The names of two people killed when a plane that flew out of Wilmington crashed in dense woods in Chester, S.C., on Sunday night were released Tuesday.
The Chester County coroner said the crash victims are Ericsson Davis, 24, and Anisa Rossi, 22.
Davis was a Marine from Florida. He was a 1st Lieutenant stationed at Marine Corps Air Station New River. Rossi was from Rhode Island, but lived in Wilmington, officials said. On her Facebook page, Rossi indicated she'd moved to Surf City earlier this month. Both were found dead in the wreckage.
A spokesman for the 2nd Marine Aircraft Wing confirmed that the male involved in the aircraft "mishap" was a Marine station with 2nd Marine Aircraft Wing at Marine Corps Air Station New River.
"I'm not authorized to release or confirm a name until 24 hours after next of kin notification due to Department of Defense policies," First Lt. Hector Alejandro said in a news release.
On May 19 a Marine from the same unit was killed when he fell from an Osprey aircraft during training near White Lake. Steven Hancock's body was recovered May 20.
Chester County Emergency Management Director Eddie Murphy said the two occupants of the single-engine Grumman AA1V were found deceased in the wreckage Monday.
"I got a call about 11 a.m. (Monday) saying the plane disappeared and its last known ping was in Chester County," Murphy said. He described the area where the plane went down as "hilly, desolate and densely wooded." Murphy said his emergency dispatchers did not receive any calls from witnesses reporting a crash.
Capt.
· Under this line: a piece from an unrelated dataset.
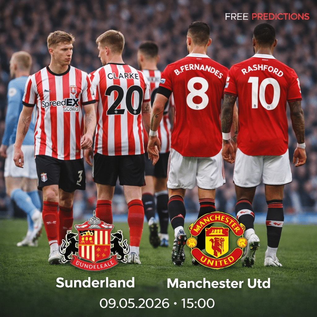 The meeting between Sunderland and Manchester United is one of the more intriguing fixtures of the Premier League round. Scheduled for 9 May 2026 at the Stadium of Light, this clash brings together a newly competitive Sunderland side and a Manchester United team still pushing hard near the top end of the table. With the season entering its decisive stage, both clubs have clear reasons to chase all three points.

Robert McCullough with the S.C. Department of Natural Resources said a DNR fixed-wing plane spotted the wreckage about 4 p.m. Monday off S.C. 72.
The wreckage of the AA1 aircraft was found about 10 miles southwest of the regional airport in Chester, said Kathleen Bergen, spokeswoman for the southern region of the Federal Aviation Administration.
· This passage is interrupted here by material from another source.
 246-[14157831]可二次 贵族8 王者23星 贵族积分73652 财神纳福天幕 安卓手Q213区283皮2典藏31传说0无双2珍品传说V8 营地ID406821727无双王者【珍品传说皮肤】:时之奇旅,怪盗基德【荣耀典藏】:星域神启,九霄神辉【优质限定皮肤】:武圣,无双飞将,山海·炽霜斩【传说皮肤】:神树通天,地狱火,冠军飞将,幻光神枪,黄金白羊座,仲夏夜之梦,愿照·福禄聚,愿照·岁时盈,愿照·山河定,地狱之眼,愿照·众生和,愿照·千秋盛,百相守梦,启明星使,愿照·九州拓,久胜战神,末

The plane was headed to Heaven's Landing in Clayton, Ga., with a planned stop at the Hartsville airport in South Carolina, said Gary Broughton, director of operations at the Wilmington International Airport. Wilmington airport authorities got a call about 9:45 p.m. Sunday saying that the plane was overdue for its landing in Georgia, Broughton said. The FAA also issued an alert notice late Sunday after the plane's owner called the FAA to report it missing, Bergen said. The alert notice prompted a search.
The plane is registered to Warriors to Wings Aero Club in Sneads Ferry.
According to its Facebook page, Warriors to Wings is a nonprofit group "designed to give military pilots and aviation enthusiasts easy access to the amazing world of civil aviation."
Attempts to contact the club were not immediately successful.
The FAA and the National Transportation Safety Board are investigating the cause of the crash.